## Task prompt
Using only the entries below, output the lines starting at the one containing "La Secretaría de" and ending at the one containing "2、水印去除:以后可以根据自", exactly and inclusive of both, omitting the pictures.

## Records supplied
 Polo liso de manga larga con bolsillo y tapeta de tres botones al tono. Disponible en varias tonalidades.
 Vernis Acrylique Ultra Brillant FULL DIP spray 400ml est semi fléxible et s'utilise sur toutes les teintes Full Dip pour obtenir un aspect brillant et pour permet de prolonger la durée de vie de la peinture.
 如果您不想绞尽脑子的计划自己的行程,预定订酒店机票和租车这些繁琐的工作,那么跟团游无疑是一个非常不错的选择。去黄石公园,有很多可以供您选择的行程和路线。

* * *

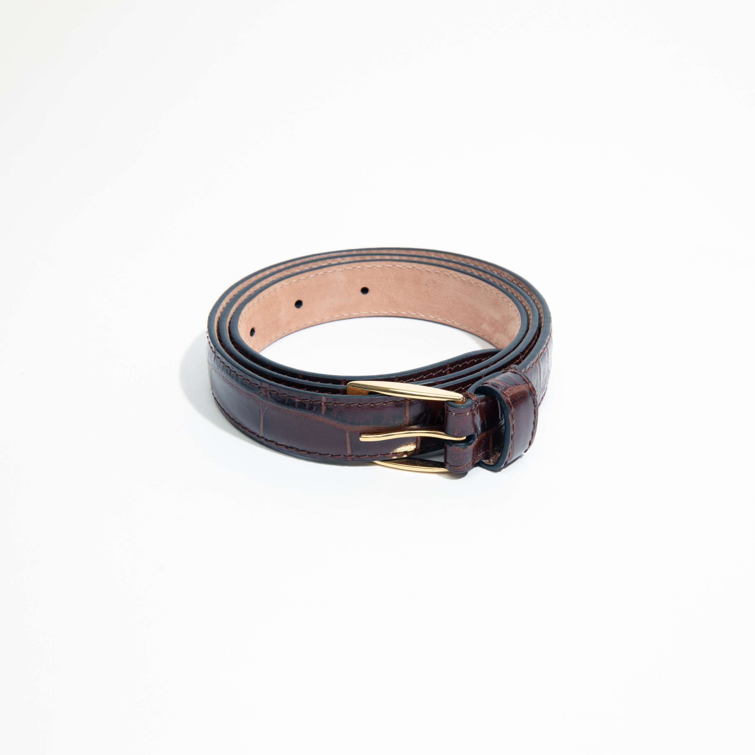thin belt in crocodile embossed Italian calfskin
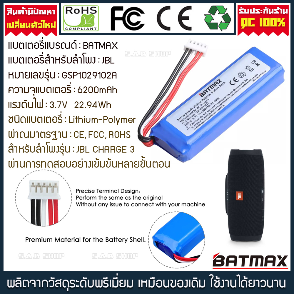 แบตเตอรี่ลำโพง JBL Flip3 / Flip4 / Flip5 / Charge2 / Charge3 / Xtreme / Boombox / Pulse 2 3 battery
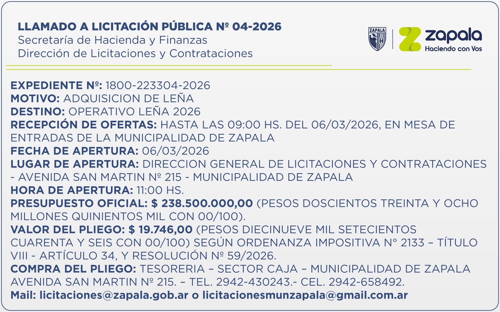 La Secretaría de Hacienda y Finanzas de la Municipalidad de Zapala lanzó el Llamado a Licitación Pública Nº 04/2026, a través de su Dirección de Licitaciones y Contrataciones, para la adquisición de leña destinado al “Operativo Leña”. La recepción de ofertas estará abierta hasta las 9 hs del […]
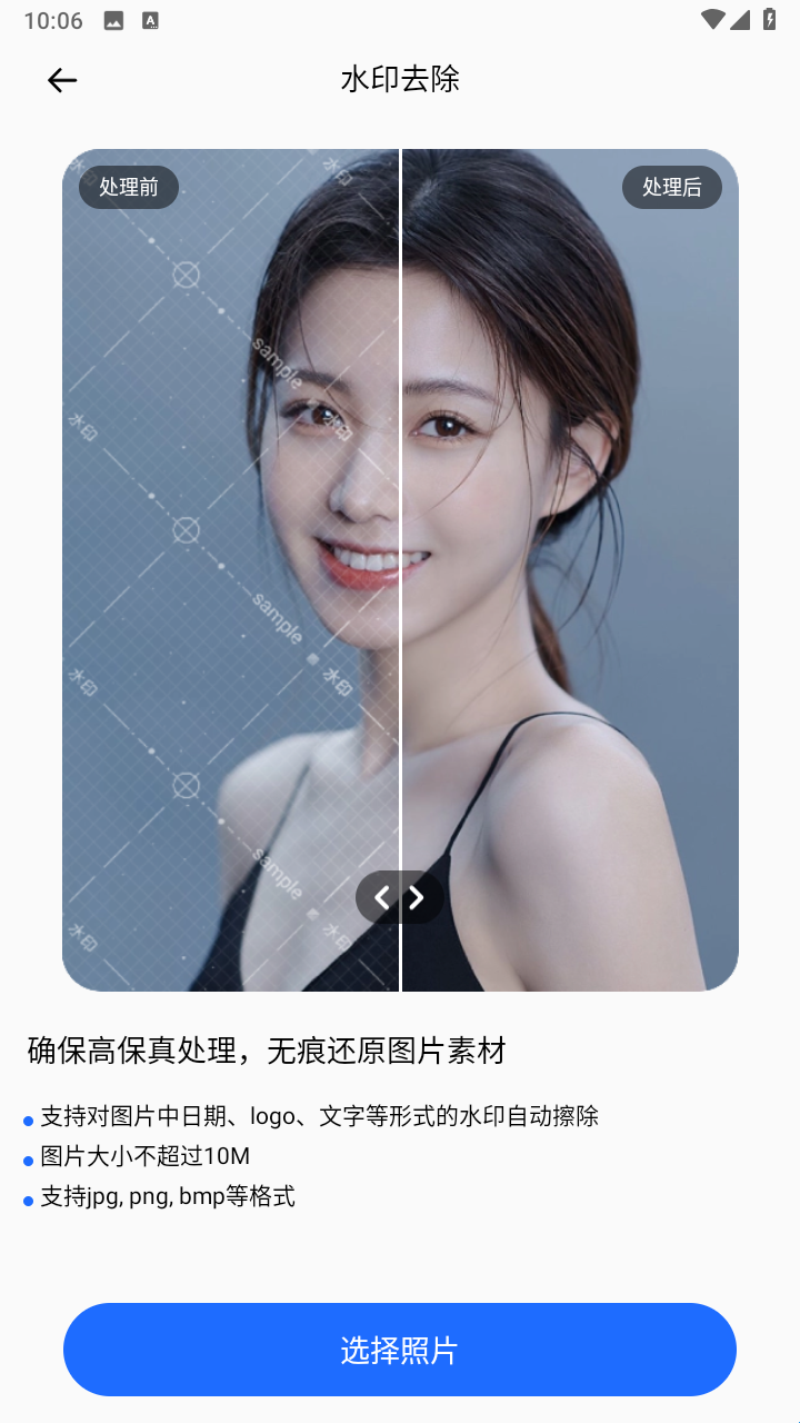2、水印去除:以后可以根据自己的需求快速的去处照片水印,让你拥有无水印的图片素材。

## Response
 La Secretaría de Hacienda y Finanzas de la Municipalidad de Zapala lanzó el Llamado a Licitación Pública Nº 04/2026, a través de su Dirección de Licitaciones y Contrataciones, para la adquisición de leña destinado al “Operativo Leña”. La recepción de ofertas estará abierta hasta las 9 hs del […]
2、水印去除:以后可以根据自己的需求快速的去处照片水印,让你拥有无水印的图片素材。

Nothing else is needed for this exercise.